» WHAT THE EXERCISE ASKS: Where pictures appear, omit them, and copy exactly only the lines from the start of the listing through the line containing "Demirci - Simav", both included.

***

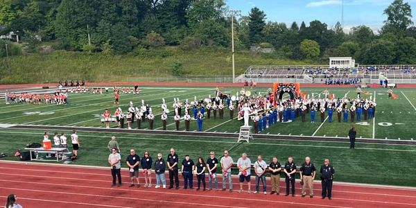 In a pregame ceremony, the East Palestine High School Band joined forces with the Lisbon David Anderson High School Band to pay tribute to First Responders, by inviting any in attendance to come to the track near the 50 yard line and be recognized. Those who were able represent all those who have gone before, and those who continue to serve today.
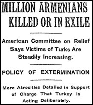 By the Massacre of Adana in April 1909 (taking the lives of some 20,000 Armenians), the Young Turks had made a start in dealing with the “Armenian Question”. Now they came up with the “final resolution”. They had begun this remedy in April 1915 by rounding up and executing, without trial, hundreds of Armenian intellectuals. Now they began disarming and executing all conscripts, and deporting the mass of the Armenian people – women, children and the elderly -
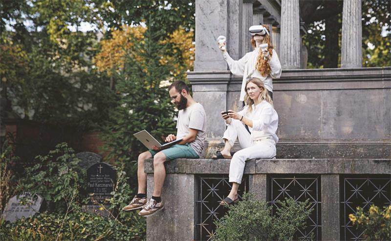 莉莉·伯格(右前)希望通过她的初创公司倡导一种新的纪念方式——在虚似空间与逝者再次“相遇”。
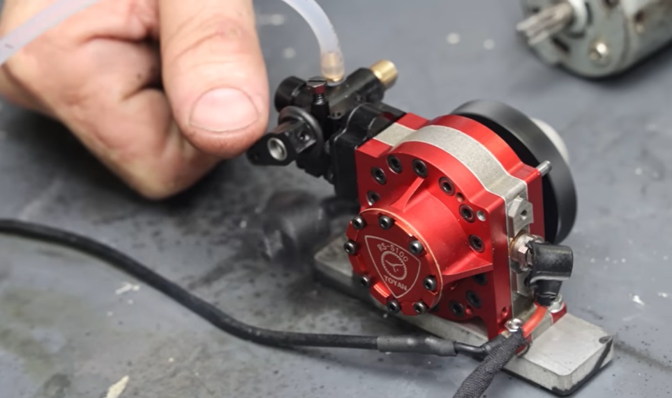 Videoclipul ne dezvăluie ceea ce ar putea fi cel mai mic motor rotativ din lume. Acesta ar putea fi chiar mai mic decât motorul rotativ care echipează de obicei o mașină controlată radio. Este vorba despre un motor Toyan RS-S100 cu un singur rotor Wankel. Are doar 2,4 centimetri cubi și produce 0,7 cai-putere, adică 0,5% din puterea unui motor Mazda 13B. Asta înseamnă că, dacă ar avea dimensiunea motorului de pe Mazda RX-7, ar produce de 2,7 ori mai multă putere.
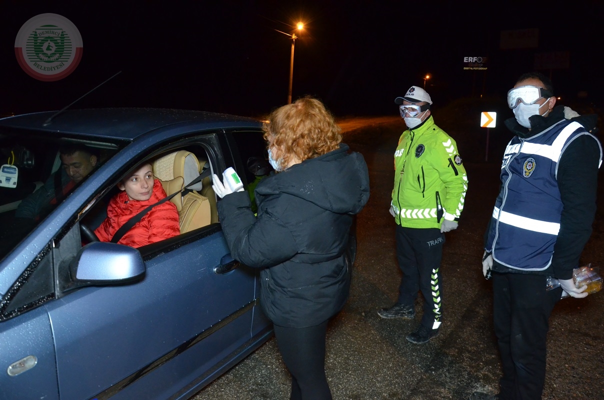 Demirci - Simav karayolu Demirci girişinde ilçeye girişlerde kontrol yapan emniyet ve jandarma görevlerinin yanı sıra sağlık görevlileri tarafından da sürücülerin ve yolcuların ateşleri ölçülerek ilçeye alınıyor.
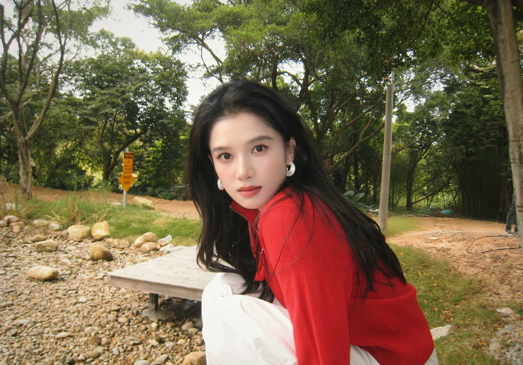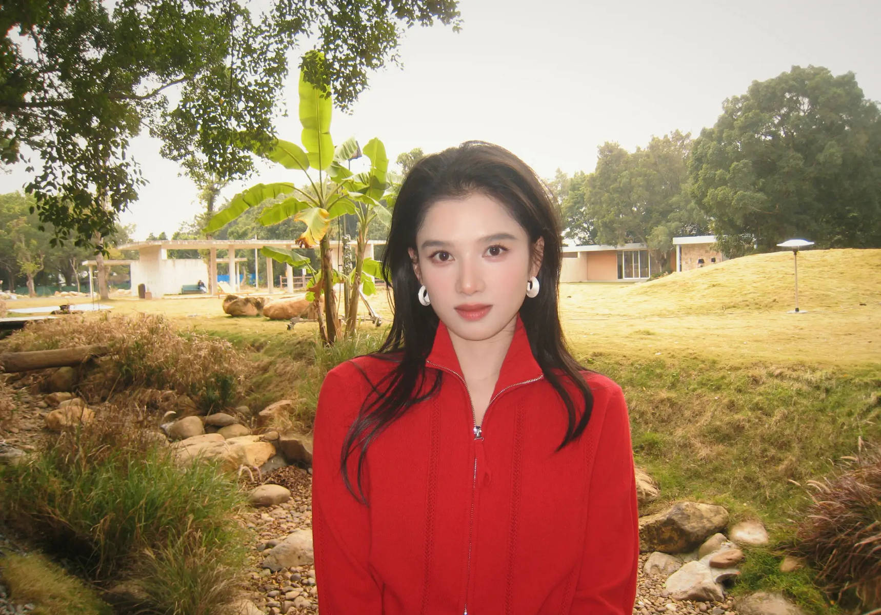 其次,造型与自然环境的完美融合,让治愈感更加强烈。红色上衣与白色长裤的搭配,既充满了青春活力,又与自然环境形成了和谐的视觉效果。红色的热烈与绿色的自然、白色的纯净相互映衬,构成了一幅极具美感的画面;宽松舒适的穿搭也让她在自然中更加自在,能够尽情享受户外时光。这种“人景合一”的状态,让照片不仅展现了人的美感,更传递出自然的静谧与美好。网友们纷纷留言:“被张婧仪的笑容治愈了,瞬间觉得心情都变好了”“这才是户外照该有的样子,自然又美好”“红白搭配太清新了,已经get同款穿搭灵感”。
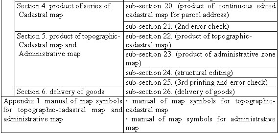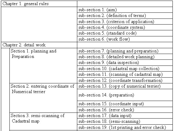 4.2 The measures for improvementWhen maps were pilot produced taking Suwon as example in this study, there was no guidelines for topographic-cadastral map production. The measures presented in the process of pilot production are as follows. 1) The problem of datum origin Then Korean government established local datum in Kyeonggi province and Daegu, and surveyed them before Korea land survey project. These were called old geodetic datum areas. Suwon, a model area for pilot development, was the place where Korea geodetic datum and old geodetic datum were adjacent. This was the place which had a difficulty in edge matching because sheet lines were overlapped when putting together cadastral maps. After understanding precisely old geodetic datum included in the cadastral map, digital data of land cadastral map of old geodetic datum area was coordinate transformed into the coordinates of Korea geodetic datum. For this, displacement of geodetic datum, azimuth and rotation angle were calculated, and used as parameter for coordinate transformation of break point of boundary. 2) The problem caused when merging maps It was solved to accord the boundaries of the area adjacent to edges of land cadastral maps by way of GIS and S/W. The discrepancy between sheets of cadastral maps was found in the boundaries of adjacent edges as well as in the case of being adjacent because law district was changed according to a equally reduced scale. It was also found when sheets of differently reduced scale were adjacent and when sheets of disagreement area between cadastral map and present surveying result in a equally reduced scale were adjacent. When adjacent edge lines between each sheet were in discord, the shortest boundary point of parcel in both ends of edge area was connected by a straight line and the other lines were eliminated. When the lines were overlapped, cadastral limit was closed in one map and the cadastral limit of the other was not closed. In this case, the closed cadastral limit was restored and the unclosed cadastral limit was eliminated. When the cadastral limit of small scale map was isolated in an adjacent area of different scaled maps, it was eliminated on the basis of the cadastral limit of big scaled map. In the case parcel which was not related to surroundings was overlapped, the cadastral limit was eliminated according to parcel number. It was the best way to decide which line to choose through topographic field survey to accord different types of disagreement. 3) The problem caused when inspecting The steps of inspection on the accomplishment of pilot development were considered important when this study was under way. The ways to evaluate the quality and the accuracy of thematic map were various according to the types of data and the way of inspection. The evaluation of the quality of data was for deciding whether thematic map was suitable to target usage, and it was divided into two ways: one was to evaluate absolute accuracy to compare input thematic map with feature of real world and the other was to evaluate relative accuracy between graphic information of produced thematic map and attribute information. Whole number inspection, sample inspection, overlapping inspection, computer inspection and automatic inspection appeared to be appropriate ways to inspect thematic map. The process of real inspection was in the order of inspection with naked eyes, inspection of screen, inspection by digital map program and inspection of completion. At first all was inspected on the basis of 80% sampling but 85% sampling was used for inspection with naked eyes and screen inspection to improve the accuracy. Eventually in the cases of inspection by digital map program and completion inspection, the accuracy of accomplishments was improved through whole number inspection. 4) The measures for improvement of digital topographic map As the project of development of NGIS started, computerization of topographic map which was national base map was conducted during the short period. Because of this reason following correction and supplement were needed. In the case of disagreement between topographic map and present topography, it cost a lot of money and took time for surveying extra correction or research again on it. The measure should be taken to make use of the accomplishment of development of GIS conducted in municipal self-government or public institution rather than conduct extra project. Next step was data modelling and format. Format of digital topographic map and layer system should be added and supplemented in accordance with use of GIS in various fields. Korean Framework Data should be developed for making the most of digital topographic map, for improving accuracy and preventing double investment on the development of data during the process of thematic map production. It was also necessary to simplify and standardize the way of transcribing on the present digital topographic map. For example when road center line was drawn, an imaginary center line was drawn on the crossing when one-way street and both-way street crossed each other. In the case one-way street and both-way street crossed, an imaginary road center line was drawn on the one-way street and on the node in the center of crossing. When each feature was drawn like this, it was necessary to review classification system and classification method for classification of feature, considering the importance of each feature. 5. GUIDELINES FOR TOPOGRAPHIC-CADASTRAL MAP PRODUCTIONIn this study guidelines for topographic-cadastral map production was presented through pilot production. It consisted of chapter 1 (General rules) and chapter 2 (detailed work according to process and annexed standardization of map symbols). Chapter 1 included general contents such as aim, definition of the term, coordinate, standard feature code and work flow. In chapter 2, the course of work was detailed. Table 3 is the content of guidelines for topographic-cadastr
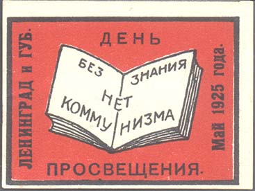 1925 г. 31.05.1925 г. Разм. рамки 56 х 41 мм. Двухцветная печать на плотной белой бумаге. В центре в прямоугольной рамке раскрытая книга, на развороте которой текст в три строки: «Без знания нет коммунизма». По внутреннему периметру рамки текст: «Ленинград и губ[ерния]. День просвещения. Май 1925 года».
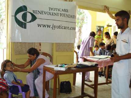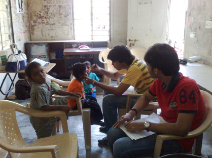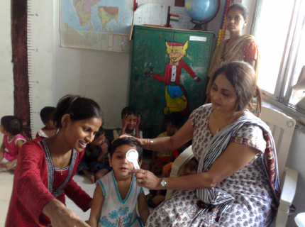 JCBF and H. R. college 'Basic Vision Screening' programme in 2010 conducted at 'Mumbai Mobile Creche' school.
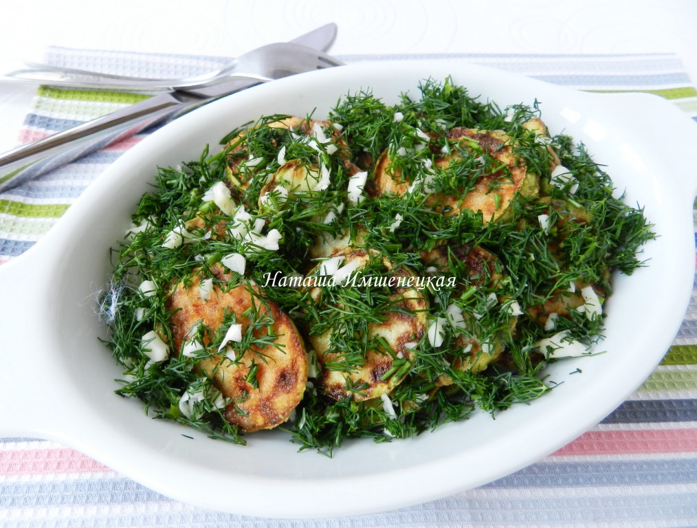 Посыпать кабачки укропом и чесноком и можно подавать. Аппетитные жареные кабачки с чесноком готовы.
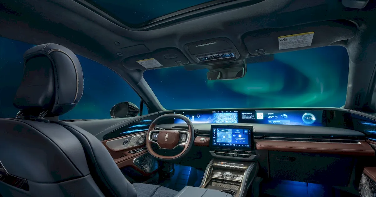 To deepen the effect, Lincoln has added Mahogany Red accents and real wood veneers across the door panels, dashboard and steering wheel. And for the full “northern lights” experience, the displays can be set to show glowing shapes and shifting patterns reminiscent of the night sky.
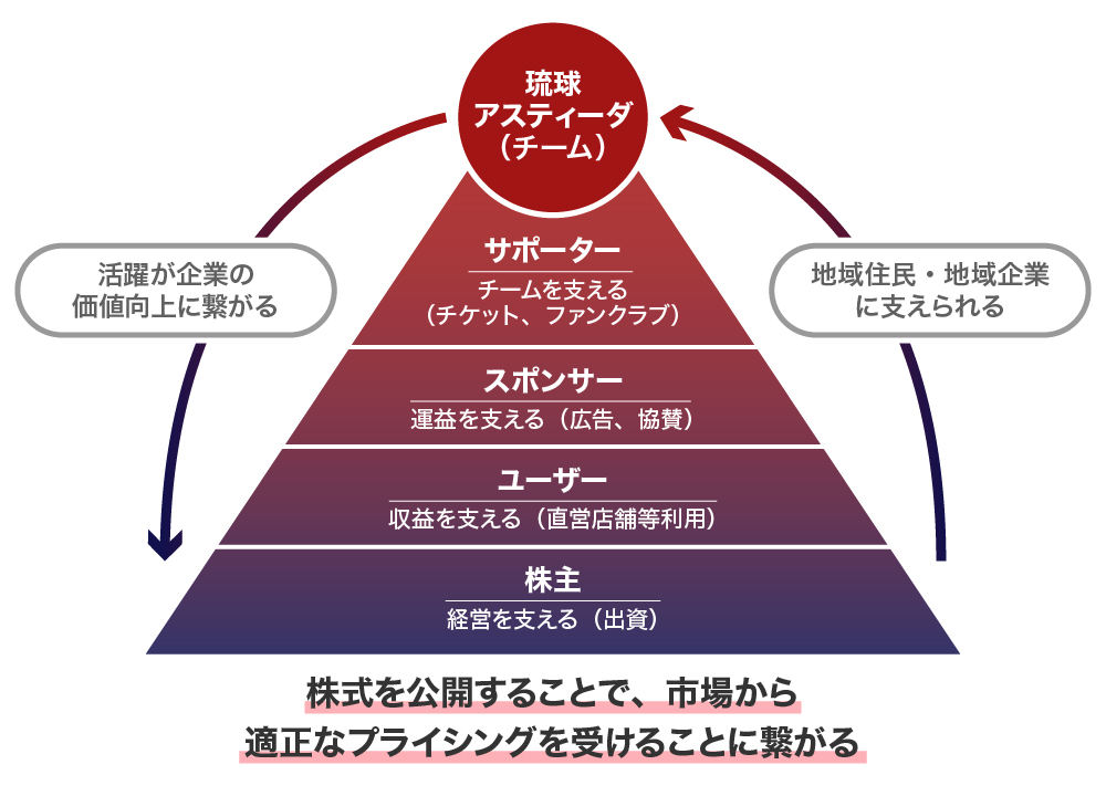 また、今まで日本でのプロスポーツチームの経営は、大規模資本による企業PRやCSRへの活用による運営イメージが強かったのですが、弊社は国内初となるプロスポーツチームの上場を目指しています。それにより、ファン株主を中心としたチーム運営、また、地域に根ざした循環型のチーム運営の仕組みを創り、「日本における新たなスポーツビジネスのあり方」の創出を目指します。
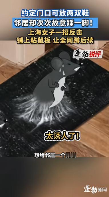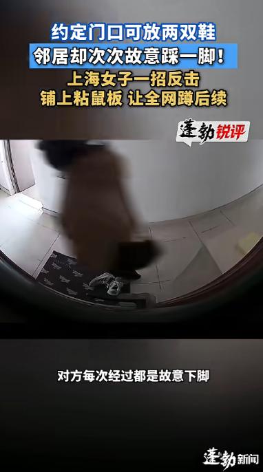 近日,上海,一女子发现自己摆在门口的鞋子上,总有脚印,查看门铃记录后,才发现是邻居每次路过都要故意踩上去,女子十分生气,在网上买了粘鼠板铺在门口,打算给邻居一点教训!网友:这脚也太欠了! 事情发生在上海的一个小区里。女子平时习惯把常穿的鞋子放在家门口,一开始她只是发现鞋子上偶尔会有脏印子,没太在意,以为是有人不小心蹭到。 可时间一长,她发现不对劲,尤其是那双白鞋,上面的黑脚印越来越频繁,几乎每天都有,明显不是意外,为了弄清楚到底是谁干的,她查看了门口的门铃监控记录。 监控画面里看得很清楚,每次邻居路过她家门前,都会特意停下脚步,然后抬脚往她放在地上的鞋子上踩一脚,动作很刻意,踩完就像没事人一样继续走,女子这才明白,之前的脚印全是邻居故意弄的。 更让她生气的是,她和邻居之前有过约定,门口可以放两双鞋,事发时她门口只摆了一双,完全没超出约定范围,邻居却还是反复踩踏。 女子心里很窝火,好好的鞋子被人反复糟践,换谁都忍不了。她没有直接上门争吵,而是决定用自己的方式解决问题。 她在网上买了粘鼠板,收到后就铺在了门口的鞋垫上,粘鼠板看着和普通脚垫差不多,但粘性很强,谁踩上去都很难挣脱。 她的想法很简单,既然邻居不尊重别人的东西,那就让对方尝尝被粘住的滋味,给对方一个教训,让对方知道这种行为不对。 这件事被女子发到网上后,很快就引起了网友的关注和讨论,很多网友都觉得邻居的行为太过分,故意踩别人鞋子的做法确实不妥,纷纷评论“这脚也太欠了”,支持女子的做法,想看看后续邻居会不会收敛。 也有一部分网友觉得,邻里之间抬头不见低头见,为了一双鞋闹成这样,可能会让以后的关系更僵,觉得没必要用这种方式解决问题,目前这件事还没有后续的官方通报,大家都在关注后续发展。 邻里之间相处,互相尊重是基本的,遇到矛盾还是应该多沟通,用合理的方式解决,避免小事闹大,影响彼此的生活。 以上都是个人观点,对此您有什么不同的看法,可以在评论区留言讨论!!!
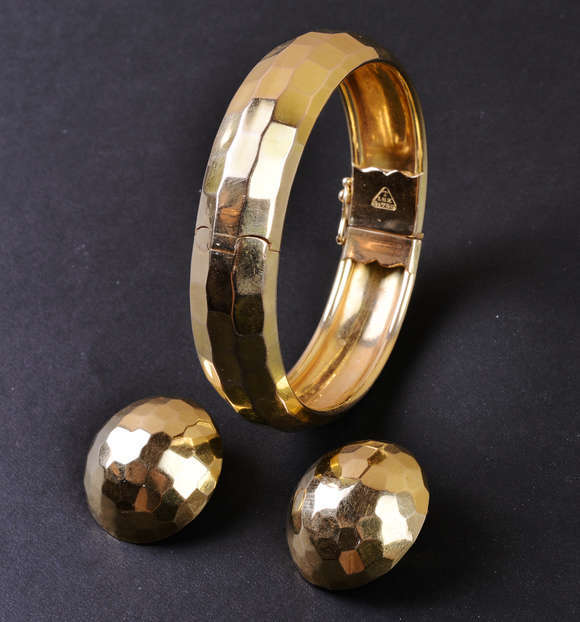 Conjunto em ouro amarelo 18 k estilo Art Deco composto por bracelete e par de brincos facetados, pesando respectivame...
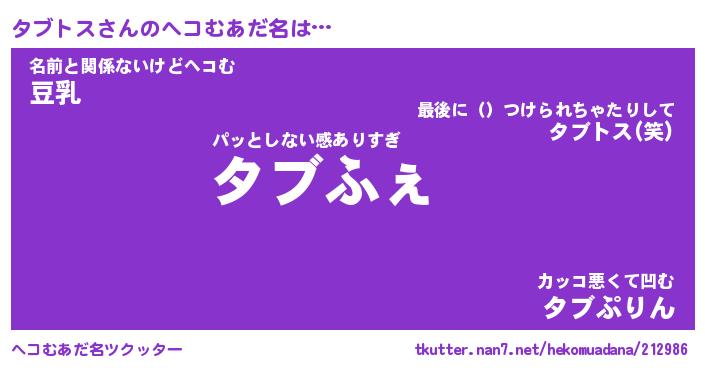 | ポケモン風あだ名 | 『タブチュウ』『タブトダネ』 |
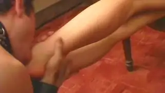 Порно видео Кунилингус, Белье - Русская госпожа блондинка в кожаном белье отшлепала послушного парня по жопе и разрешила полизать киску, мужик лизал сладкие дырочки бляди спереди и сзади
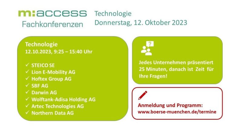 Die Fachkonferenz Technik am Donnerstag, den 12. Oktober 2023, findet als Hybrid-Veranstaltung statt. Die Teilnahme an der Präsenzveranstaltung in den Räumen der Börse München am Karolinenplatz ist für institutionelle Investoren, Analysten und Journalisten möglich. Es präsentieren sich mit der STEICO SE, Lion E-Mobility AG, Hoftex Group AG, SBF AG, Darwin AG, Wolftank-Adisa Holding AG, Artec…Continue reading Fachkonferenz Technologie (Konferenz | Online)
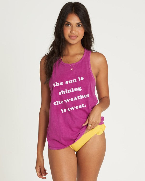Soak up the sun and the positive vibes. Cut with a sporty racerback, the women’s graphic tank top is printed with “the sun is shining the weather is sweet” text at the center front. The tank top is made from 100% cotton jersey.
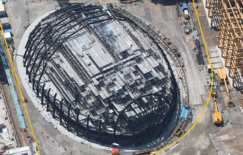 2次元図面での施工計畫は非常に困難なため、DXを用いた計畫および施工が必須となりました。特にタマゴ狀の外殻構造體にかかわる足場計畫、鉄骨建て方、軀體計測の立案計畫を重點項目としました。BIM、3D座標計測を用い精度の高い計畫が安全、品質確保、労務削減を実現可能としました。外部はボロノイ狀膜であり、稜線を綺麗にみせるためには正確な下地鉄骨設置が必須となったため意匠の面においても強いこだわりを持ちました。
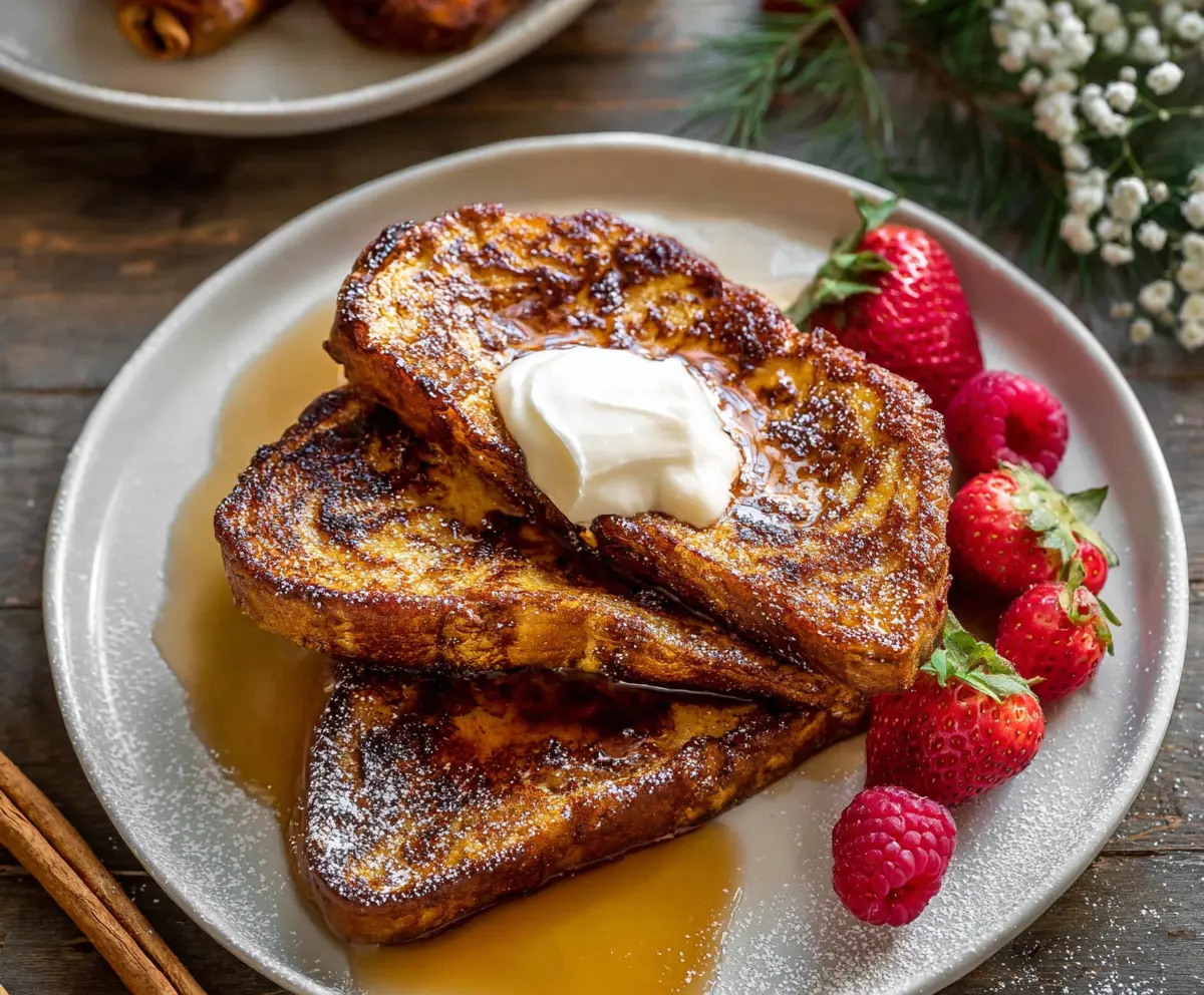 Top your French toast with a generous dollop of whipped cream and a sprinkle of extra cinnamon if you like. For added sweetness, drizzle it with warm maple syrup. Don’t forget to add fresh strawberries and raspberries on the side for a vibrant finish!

***

» ANSWER TO THE EXERCISE:
 In a pregame ceremony, the East Palestine High School Band joined forces with the Lisbon David Anderson High School Band to pay tribute to First Responders, by inviting any in attendance to come to the track near the 50 yard line and be recognized. Those who were able represent all those who have gone before, and those who continue to serve today.
 By the Massacre of Adana in April 1909 (taking the lives of some 20,000 Armenians), the Young Turks had made a start in dealing with the “Armenian Question”. Now they came up with the “final resolution”. They had begun this remedy in April 1915 by rounding up and executing, without trial, hundreds of Armenian intellectuals. Now they began disarming and executing all conscripts, and deporting the mass of the Armenian people – women, children and the elderly -
 莉莉·伯格(右前)希望通过她的初创公司倡导一种新的纪念方式——在虚似空间与逝者再次“相遇”。
 Videoclipul ne dezvăluie ceea ce ar putea fi cel mai mic motor rotativ din lume. Acesta ar putea fi chiar mai mic decât motorul rotativ care echipează de obicei o mașină controlată radio. Este vorba despre un motor Toyan RS-S100 cu un singur rotor Wankel. Are doar 2,4 centimetri cubi și produce 0,7 cai-putere, adică 0,5% din puterea unui motor Mazda 13B. Asta înseamnă că, dacă ar avea dimensiunea motorului de pe Mazda RX-7, ar produce de 2,7 ori mai multă putere.
 Demirci - Simav karayolu Demirci girişinde ilçeye girişlerde kontrol yapan emniyet ve jandarma görevlerinin yanı sıra sağlık görevlileri tarafından da sürücülerin ve yolcuların ateşleri ölçülerek ilçeye alınıyor.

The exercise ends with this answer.